Making Unequal Distributions

You might feel that your youngest daughter is a better child than your oldest son, but likely your oldest son doesn’t feel that way. Be very deliberate if you are going to leave unequal bequests. Discuss this with your professional advisers as it can be a very delicate matter. Consult with a mental health expert to also evaluate options for how to handle the disparity and attendant issues. Mishandling this can result in war between your heirs. That should be avoided. Sometimes there are simple ways to address a desire, or even need (e.g., a child with greater needs as discussed above), to have a disparate distributions. Some families have open discussions as to the reasons a particular child may need more and everyone is on board. Likely, those open and frank discussions may avoid later conflict. But sometimes any preparatory measures may be to little or no avail. There may be ways to accomplish the same objectives with less afront. For example, parents believe that they would like to bequeath $1 million extra to their oldest daughter because their younger son married a very wealthy spouse and himself has been very successful financially. They worry, however, that their sense of “fairness” will never be shared by their son. So instead of having a will leaving a disparate distribution, they purchase a $1 million life insurance policy on their lives (or one of their lives) which they have their son own (or a trust for his benefit). They pay the premiums each year. While their daughter might figure out that there has been a disparate distribution, this approach is certain less “in the face of” their daughter. In fact, the will can now bequeath the estate equally to the two children. Sometimes, a little creativity can lessen the risks of later disputes.

Not Updating Accounts and Beneficiary Designations

Another easy way to wreak havoc with your plan and create issues with your heirs is failing to keep account ownership and beneficiary designations both current and coordinated. A common problem created about this seems so obvious that it should not happen, but it does.
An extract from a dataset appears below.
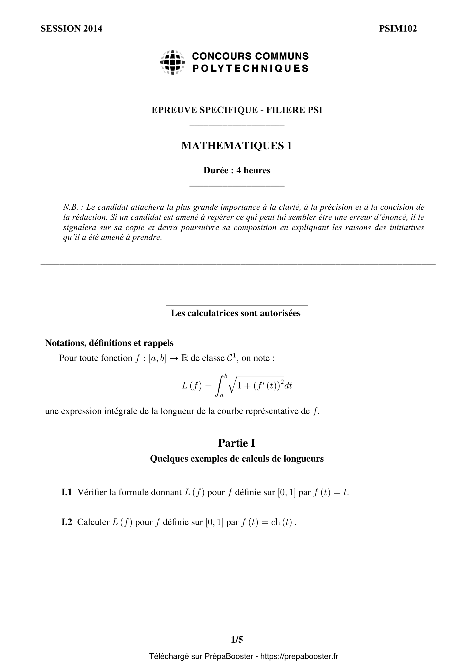 Pour l’épreuve de mathématiques PSI CCINP 2014, tu dois être à l’aise avec le calcul intégral (intégrales généralisées, intégration par parties), les développements en séries entières, la longueur d’arc d’une courbe, l’étude de suites, la convergence de séries et d’intégrales, ainsi que les normes sur les espaces de fonctions. Ces notions sont transversales et incontournables non seulement pour le sujet 2014, mais pour l’ensemble du programme de PSI.

Mom has two children and names her oldest as the beneficiary of one brokerage account, and her youngest the beneficiary of her second brokerage account. The account balances are equal. Mom pays for her living expenses out of the first account whose balance declines while the second brokerage account grows in value. Unintentionally the youngest child gets an increasingly large share of her estate as time goes on. This is simply poor planning. This might happen from a misplaced priority on avoiding probate. Using joint accounts or pay on death accounts can avoid probate. But it also can lead to unintended dispositive results. For younger parents that try these simple approaches to avoiding probate, what happens if they have two children listed on various accounts or IRA beneficiary designations, but then they have a third children and don’t get around to updating account titles or beneficiary designations.

A key point from the above examples is to illustrate that it is not only your will that is important to minimize estate disputes or angst amongst beneficiaries. You need to consider all of your assets and how they are owned and what is contained in beneficiary designation forms.